3. there is a note in the documentation …

Note: When making requests to the /authorize endpoint, the browser (user agent) should be redirected to the endpoint. You can’t use AJAX with this endpoint.

so
Sorry, that I’m not giving you a solution to your problem, as I think you overcomplicated your architecture, hence those weird situations with refresh.

Well the other approach would be to have your SPA doing communication to Okta to obtain tokens and then communicate to your Web API, protected by OAuth. If your back-end is really a Web API server it would make sense to go this route.

Yeah, I guess this is the downside with using a package instead of trying to implement it myself. I thought it would be simpler…

So in mozilla-django-oidc, there is a setting variable OIDC_RENEW_ID_TOKEN_EXPIRY_SECONDS for the lifetime of the id_token, which in now digging into the source, seems like it’s just used by Django to decide whether the token is still valid. Odd that it doesn’t just set that value based on the token it actually receives from the IdP (your point #1). I had mistakenly thought that when I set that value, mozilla-django-oidc was using it to pass a request to okta for a token that would live that long, but it’s actually just used internally.

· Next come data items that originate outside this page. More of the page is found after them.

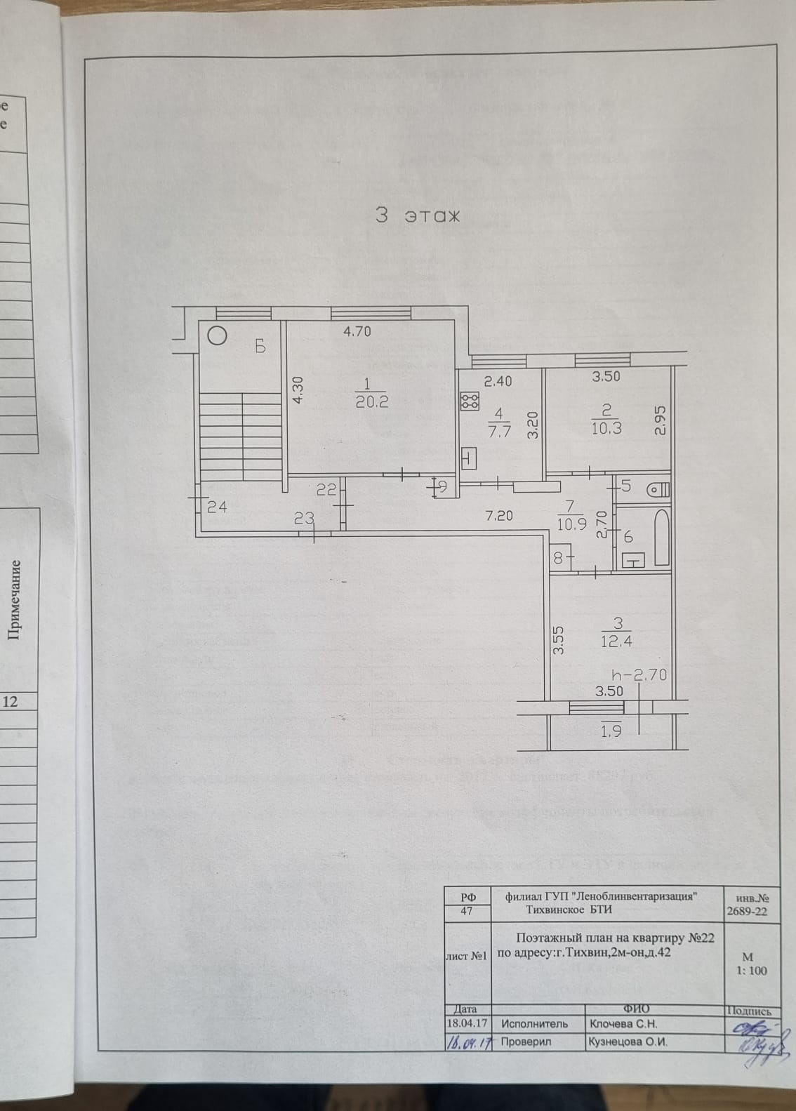 3-комнатная квартира, 66.2 м2, этаж 3 / 5, на продажу в Тихвине, 2-й микрорайон, 42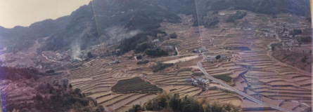 昭和60 年の鬼木の写真です。この頃は上の方の棚田まで耕作していましたが、段々耕作放棄地が増えていきました。 |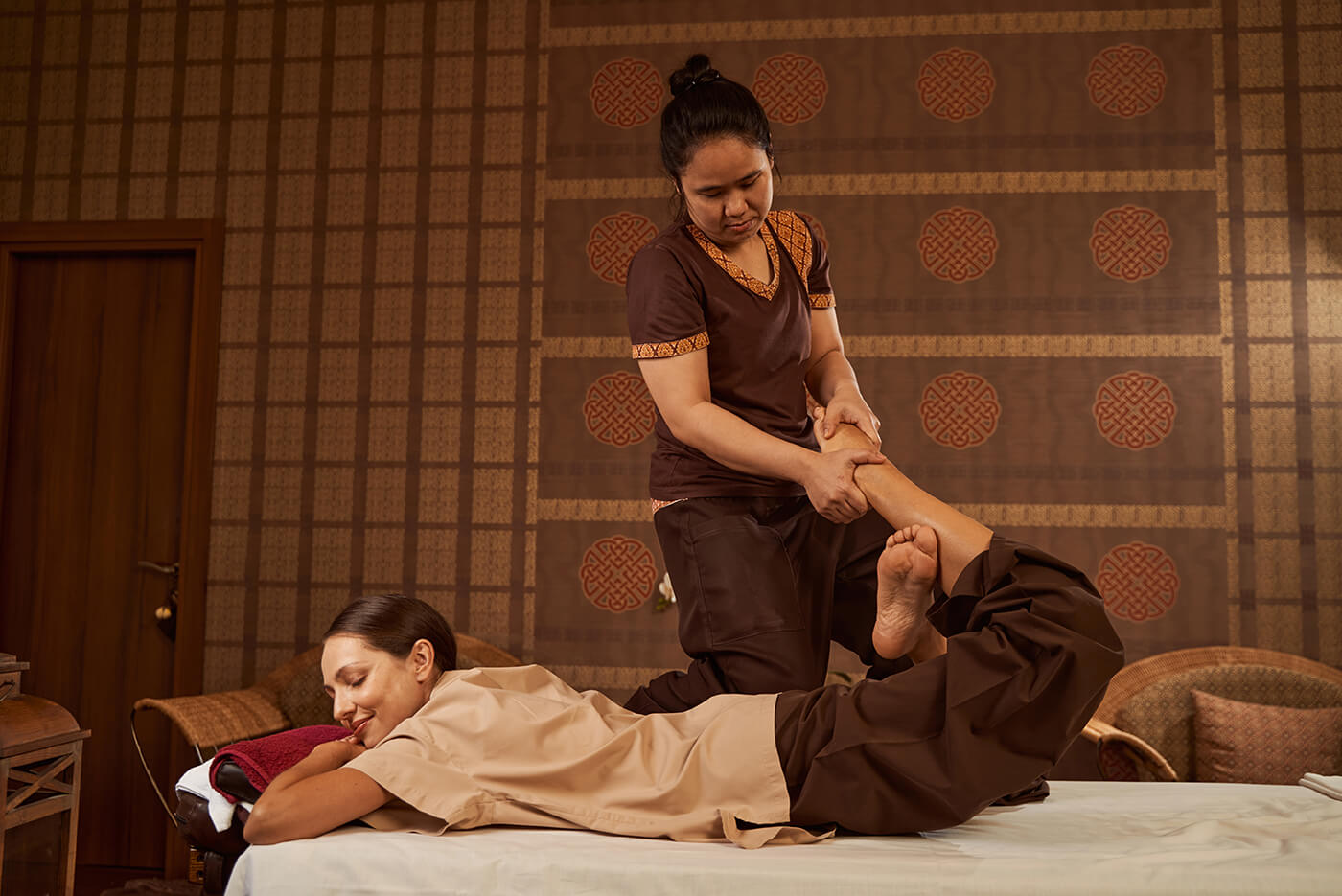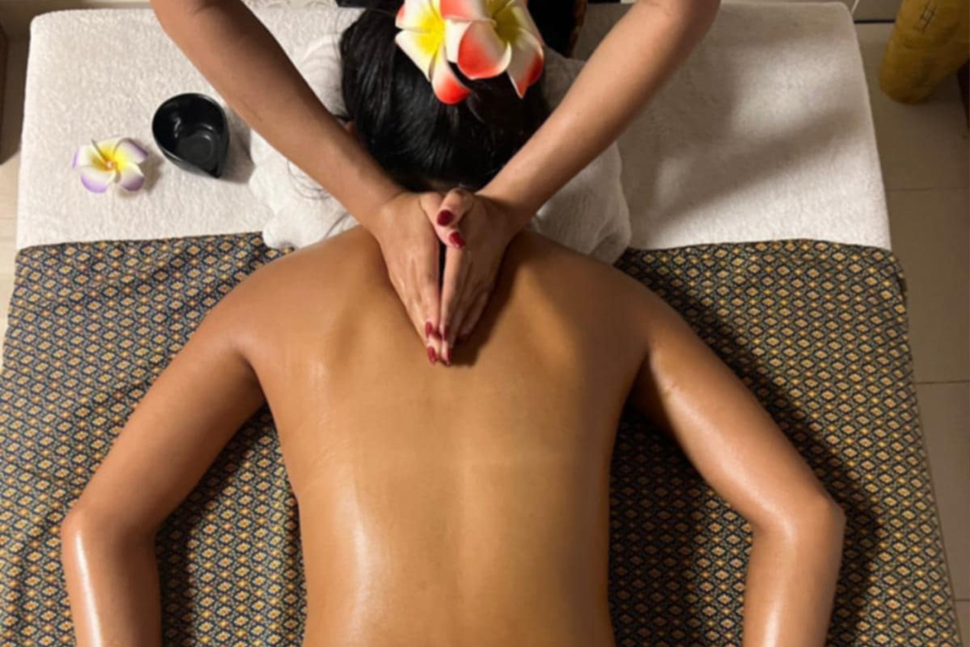 The Thai Massage with Oil blends traditional Thai massage techniques, including acupressure, gentle twists, deep stretches, and medium-pressure oil massage for ultimate relaxation.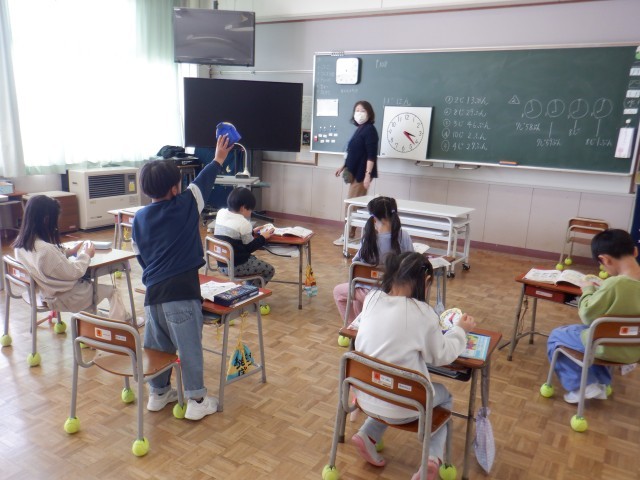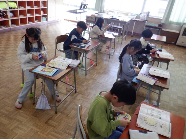 1年生は算数科で時計の学習をしていました。時計を読む練習をした後、先生が提示した時刻を時計で表す練習をしました。細かい「分」の目盛りまでしっかり数えて、早く正しく表すことができるようになりました。できたときは嬉しそうに「できた!」と先生に見せていました。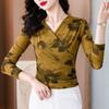 Новая зимняя сетчатая рубашка с V-образным вырезом для женщин с короткими рукавами и принтом в виде маленькой рубашки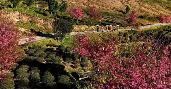 遠遠望去,一排排茶樹像一條條綠色的絲帶,縈繞于山間,一樹樹嬌美的粉色櫻花點綴其間,煞是好看。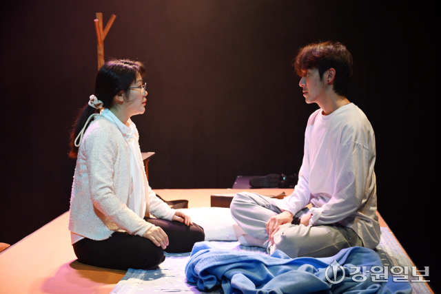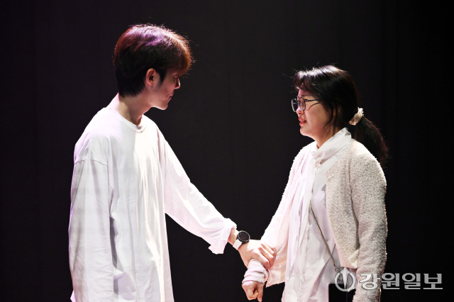 2025 강원일보 신춘문예 희곡부문 당선작 ‘내 책상 위, 작고 따뜻한 산세베리아 화분’ 연극 공연이 오는 31일과 다음달 1일 춘천 봄내극장에서 이어진다. 사진은 리허설 모습.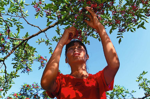 離開延河入黃處,順著黃河向下游行走不久,就到了涼水岸村村民的花椒園。紅色的花椒掛滿了枝頭,遠(yuǎn)遠(yuǎn)看去,就像綠色的緞子繡上了紅色的花朵,好看極了。走進(jìn)花椒園,記者遇到了正和家人采摘花椒的椒農(nóng)王群洋??粗活w顆紅寶石般的花椒從樹上落入筐中,王群洋和妻子仿佛看到了富裕的生活,臉上掛滿了笑容。
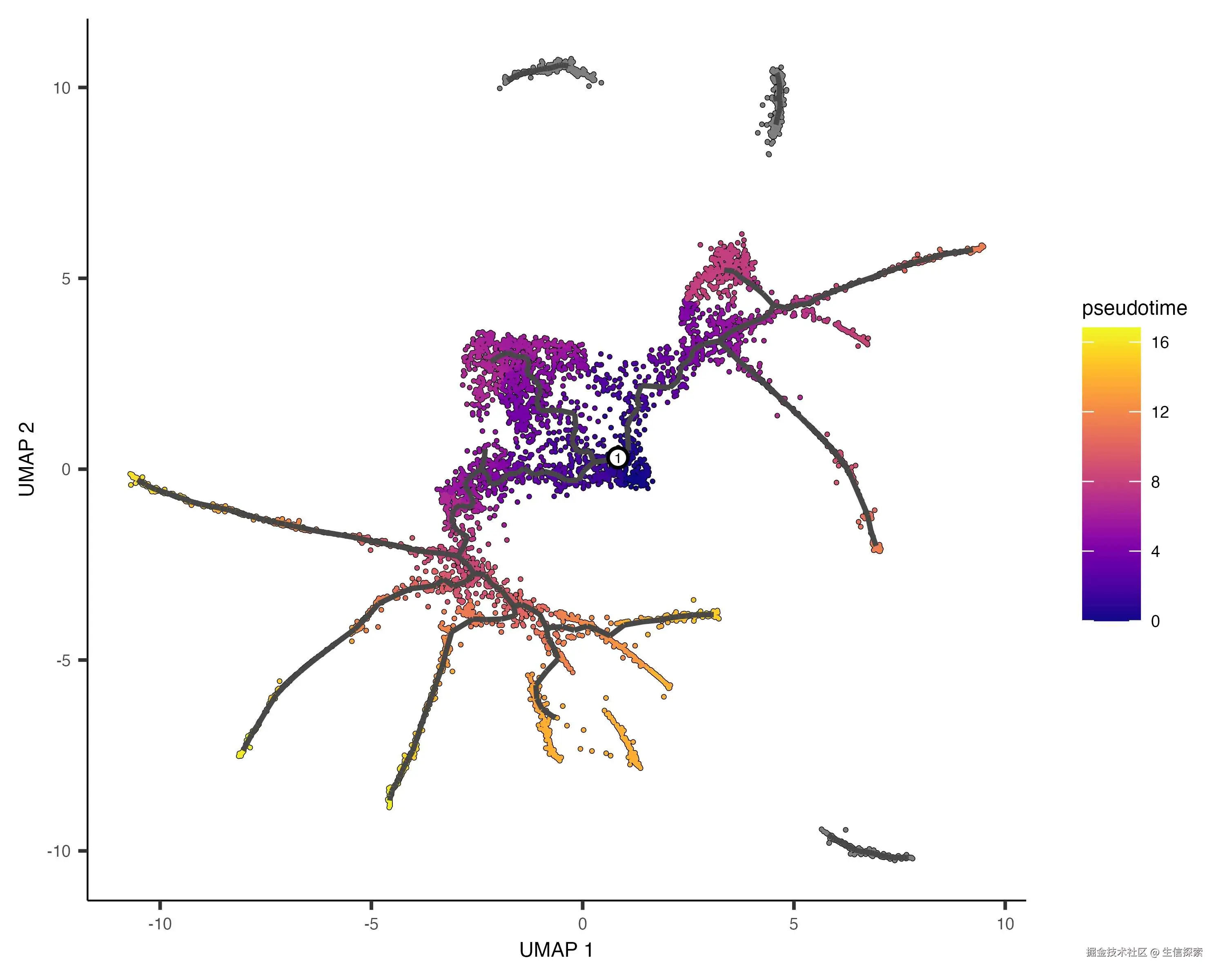 值得注意的是,未从根节点可达的细胞会被分配无限伪时间(显示为灰色),因此通常应为每个分区至少选择一个根节点。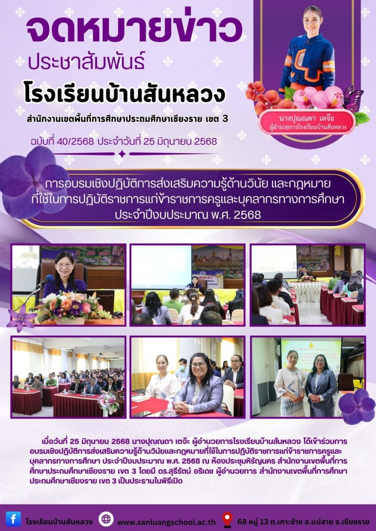 การอบรมเชิงปฏิบัติการส่งเสริมความรู้ด้านวินัย และกฎหมายที่ใช้ในการปฏิบัติราชการแก่ข้าราชการครูและบุคลากรทางการศึกษา ประจำปีงบประมาณ พ.ศ. 2568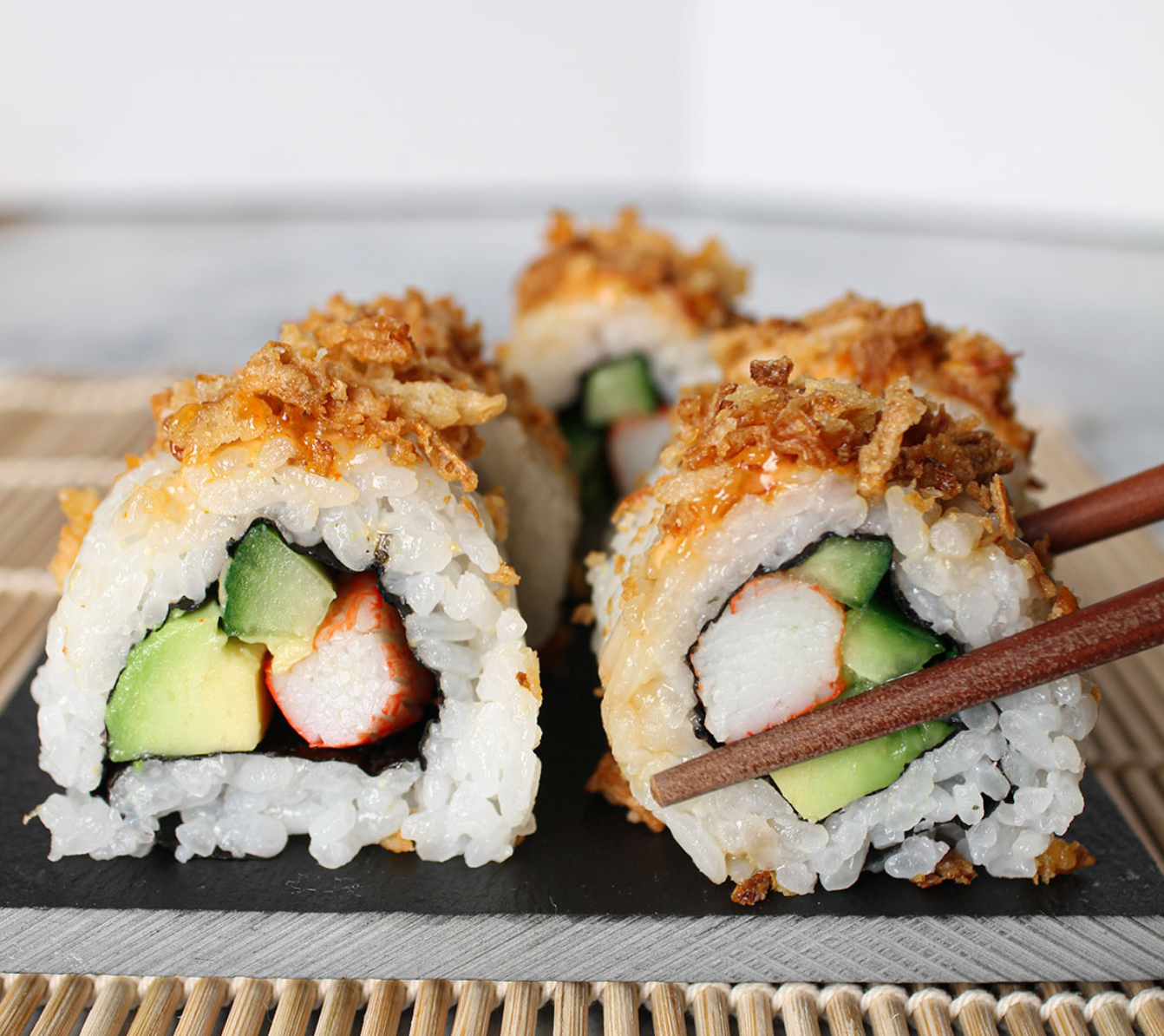 Treat your taste buds to a delicious crunchy roll filled with cool cucumber, creamy avocado succulent sashimi (or imitation crab meat) topped with crispy onions to bring a satisfying crunch.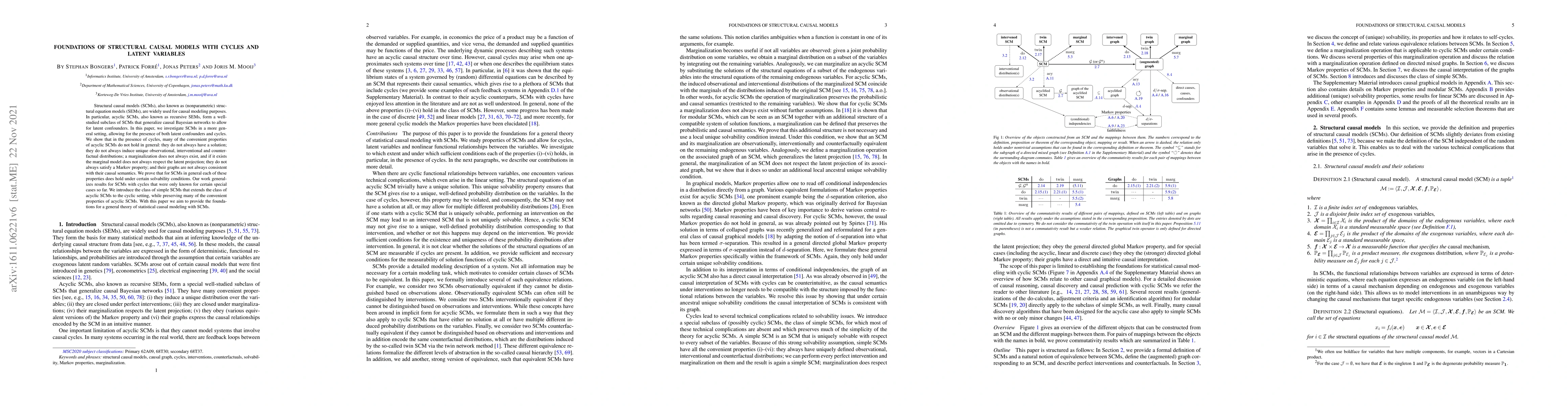 Structural causal models (SCMs), also known as (nonparametric) structural equation models (SEMs), are widely used for causal modeling purposes. In particular, acyclic SCMs, also known as recursive SEMs, form a well-studied subclass of SCMs that generalize causal Bayesian networks to allow for latent confounders. In this paper, we investigate SCMs in a more general setting, allowing for the presence of both latent confounders and cycles. We show that in the presence of cycles, many of the convenient properties of acyclic SCMs do not hold in general: they do not always have a solution; they do not always induce unique observational, interventional and counterfactual distributions; a marginalization does not always exist, and if it exists the marginal model does not always respect the latent projection; they do not always satisfy a Markov property; and their graphs are not always consistent with their causal semantics. We prove that for SCMs in general each of these properties does hold under certain solvability conditions. Our work generalizes results for SCMs with cycles that were only known for certain special cases so far. We introduce the class of simple SCMs that extends the class of acyclic SCMs to the cyclic setting, while preserving many of the convenient properties of acyclic SCMs. With this paper we aim to provide the foundations for a general theory of statistical causal modeling with SCMs.

Now that I think about what you said in point #2, I think you’re right. If I set that value to be something longer (like 24hr), my Django session will be 24hr, even if the id_token had expired after 1hr. So theoretically, the security risk there is a user who was authenticated at 9am, then for whatever reason had their authorization revoked on the Okta side at 10am (or group permissions changed, etc), they would still have access until 8:59am the next day. I believe there’s a way to flush all sessions in Django, so I could force users to reauthenticate then if I really needed to.

In other words, use Okta to authenticate the user, but use my app to decide how often that authentication ought to happen based on my own security risk tolerance. Does that sound right?

Sorry if that was obvious, and the source of my issue this whole time. I had it in my head that I needed to be constantly checking in with Okta to make sure the user was still authenticated/authorized.

It’s your choice and depends on your security policy. You can go either way as you know now.

Just make sure you understand the difference between id_token and access_token, what each one represents and when should be used. id_token only tells you, who a user is. It does not represent anything about what user has access to. So your statement about “their authorization … been revoked” technically would not be reflected in id_token in this situation.

Other than that, you grasped the idea

Got it. Ok thanks for your help! This is making more sense to me now. At the moment, I don’t actually need to manage permissions, so identity is enough. But at some point I’ll have to dive in more on how this package handles and hands off to Django the access_token info.